Humor by Diane Farr

There is a term for all those twenty- and even thirty-somethings who just can't leave home: "failure to launch."

It's the catchphrase- perhaps inspired by a movie - given to those of this generation who can't or won't get their life started. It's definitely nicer than "parasite single," which is what they're called in Japan.

This "condition" or even "epidemic" in young people who can't get off their mother's couch long after their educational years are over is worrisome to me as a parent.

And I'm not just worried that it might happen to my offspring, but that I could actually be encouraging it.

I keep my kids on a tight schedule: preschool, followed by playdate, sports or music, followed by dinner, bed and bath - and repeat.
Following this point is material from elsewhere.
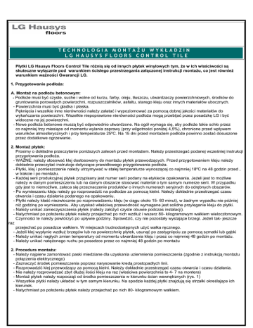 TECHNOLOGIA MONTAŻU WYKŁADZIN LG HAUSYS FLOORS CONTROL TILE Płytki LG Hausys Floors Control Tile różnią się od innych płytek winylowych tym, że w ich właściwości są skuteczne wyłącznie pod warunkiem ścisłego przestrzegania załączonej instrukcji montażu, co jest również warunkiem ważności Gwarancji LG. 1. Przygotowanie podłoża: A. Montaż na podłożu betonowym: - Podłoże musi być czyste, suche i wolne od kurzu, farby, oleju, tłuszczu, utwardzaczy powierzchniowych, środków do gruntowania porowatych powierzchni, rozpuszczalników, asfaltu, starego kleju oraz innych materiałów ubocznych. - Powierzchnia musi być gładka i płaska. Pęknięcia i wszelkie inne nierówności należy załatać i wypoziomować za pomocą dobrej jakości materiałów do wykańczania powierzchni. Wszelkie niepoprawione nierówności podłoża mogą przebijać przez posadzkę LG i być widoczne na jej powierzchni. - Nowe podłoża betonowe muszą być odpowiednio utwardzone. Na ogół wymaga się, aby podłoże takie schło przez co najmniej trzy miesiące od momentu wylania zaprawy (przy wilgotności poniżej 4,5%), chronione przed wpływem warunków atmosferycznych i przy temperaturze 25ºC. Na 15 dni przed montażem podłoże powinno zostać dosuszone przez dodatkowe ogrzewanie. 2. Montaż płytek: Prosimy o dokładne przeczytanie poniższych zaleceń przed montażem. Należy przestrzegać podanej wcześniej instrukcji przygotowania podłoża. - WAŻNE: należy stosować klej dostosowany do montażu płytek przewodzących. Przed przygotowaniem kleju należy dokładnie przeczytać instrukcje dotyczące prawidłowego przygotowania podłoża. - Płytki, klej i pomieszczenie należy utrzymywać w stałej temperaturze wynoszącej co najmniej 18ºC na 48 godzin przed , w trakcie i po montażu. - Każdej serii produkcyjnej płytek przypisany jest numer serii podany na etykiecie opakowania. Jeżeli jest to możliwe należy w danym pomieszczeniu lub na danym obszarze stosować materiał o tym samym numerze serii. W przypadku gdy jest to niemożliwe, zaleca się przeznaczenie produktów o innych numerach seryjnych do odrębnych obszarów. - Po wymieszaniu kleju należy go rozprowadzić na podłodze za pomocą kielni. Należy dokładnie przestrzegać czasu otwarcia i czasu działania podanego na opakowaniu. - Płytki należy kłaść niezwłocznie po rozprowadzeniu kleju (w ciągu około 15- 60 minut), w żadnym wypadku nie później niż godzinę po wymieszaniu. Aby uzyskać właściwą przewodność wymagane jest solidne przyleganie kleju do płytki. - Należy unikać zanieczyszczenia płytek (należy założyć czyste obuwie podczas instalacji). - Natychmiast po położeniu płytek należy przejechać po nich wzdłuż i wszerz 80- kilogramowym wałkiem wieloczłonowym. Czynności te należy powtórzyć po upływie godziny. Sprawdzić, czy nie pozostały wystające brzegi. Jeżeli tak- jeszcze raz przejechać po posadzce wałkiem. W miejscach trudnodostępnych użyć wałka ręcznego. - Jeżeli klej wypłynie wzdłuż brzegów lub na powierzchnię płytek, usunąć po zastygnięciu za pomocą szmatki lub gąbki - Należy unikać nagłych zmian temperatury od momentu utwardzenia kleju i przez co najmniej 48 godzin po montażu. - Należy unikać natężonego ruchu po posadzce przez co najmniej 48 godzin po montażu 2. Procedura montażu: - Należy najpierw zamontować paski miedziane dla uzyskania uziemnienia pomieszczenia (zgodnie z instrukcją montażu połączenia elektrycznego) - Zaznaczyć środek pomieszczenia poprzez narysowanie kredą prostopadłych linii. - Rozprowadzić klej przewodzący za pomocą kielni. Należy dokładnie przestrzegać czasu otwarcia i czasu działania. - Nie należy rozprowadzać zbyt dłużej ilości kleju na raz (właściwa powierzchnia to 4- 7 na montera) - Montaż płytek należy rozpocząć od środka pomieszczenia w kierunku ścian wewnętrznych (rys. 1) - Wszystkie płytki należy układać w tym samym kierunku. Na spodzie każdej płytki znajdują się strzałki określające ich kierunek. - Natychmiast po położeniu płytek należy przejechać po nich 80- kilogramowym wałkiem. 3. Instrukcja montażu połączenia elektrycznego: Montaż i schemat płytek miedzianych: Połączenie elektryczne do punktów uziemniających powinno być zawsze wykonywane przez uprawnionego elektryka) UKŁAD PODSTAWOWY :tylko 10 ~ 100 Ω Przypadek 1. Schemat dla pomieszczenia o powierzchni poniżej 50 m² Rys. 1: Powierzchnia < 50 m² Przypadek 2. Schemat dla pomieszczenia o powierzchni powyżej 50 m² (Typ A) Rys. 2: Powierzchnia > 50 m² Przypadek 3. Schemat dla pomieszczeń o powierzchni powyżej 50 m² (typ B) Rys. 3: Powierzchnia > 50 m² 4. EKSPLOATACJA - Zalecenia ogólne: Zabrudzenia z mocnej i nieporowatej powierzchni winylowych płytek przewodzących i rozpraszających można łatwo usunąć bez wpływu na ich właściwości przewodzące. Nie są wymagane jakiekolwiek działania punktowe lub specjalistyczne środki czyszczące do zachowania właściwości przewodzących. Tak jak w przypadku każdej posadzki, na jaśniejszych kolorach bardziej widać zabrudzenia, w związku z czym wymagają one częstszego i dokładniejszego czyszczenia. Niektóre silniejsze środki mogą oddziałowywać na powierzchnię, jednakże oddziaływanie to nie będzie znaczące, jeżeli rozlania będą niezwłocznie usuwane. Silne barwniki i jodoformowe środki bakteriobójcze mogą prowadzić w krótkim czasie do powstania plam na posadzkach winylowych. W związku z tym zaleca się usuwanie takich plam w najkrótszym czasie, oraz stosowanie ciemnych kolorów płytek w miejscach, w których używa się tego typu środków. Czynności związane z czyszczeniem można ograniczyć do minimum przestrzegając podanych niżej procedur utrzymania czystości. - Czyszczenie pomontażowe: Nie należy myć posadzki przez co najmniej 48 godzin po montażu, aby umożliwić całkowite zastygnięcie kle

I drive, feed and direct them from one controlled activity to another until we all collapse at the end of the day. I fear that I'm overscheduling my offspring - even though I'm doing considerably less than most of their peers' parents whom I see driving to multiple activities after a full day of preschool. Could this lack of downtime for kids be a bigger part of what's causing the perpetual downtime for them as young adults?

How on earth would I know? I was raised in the '70s. At age 6, I was told to "go outside and play" despite having no supervision at all out there. Not only were there no activities scheduled for me, no money spent or given to me, no guidelines, rules or places to report even a hint of bullying prearranged - I wasn't even ALLOWED back inside the house until the streetlights came on, even during a blizzard.

So clearly, I have no personal overparenting barometer, but my gut says I and all my overly educated mommy buddies are overhandling our little ones for two reasons.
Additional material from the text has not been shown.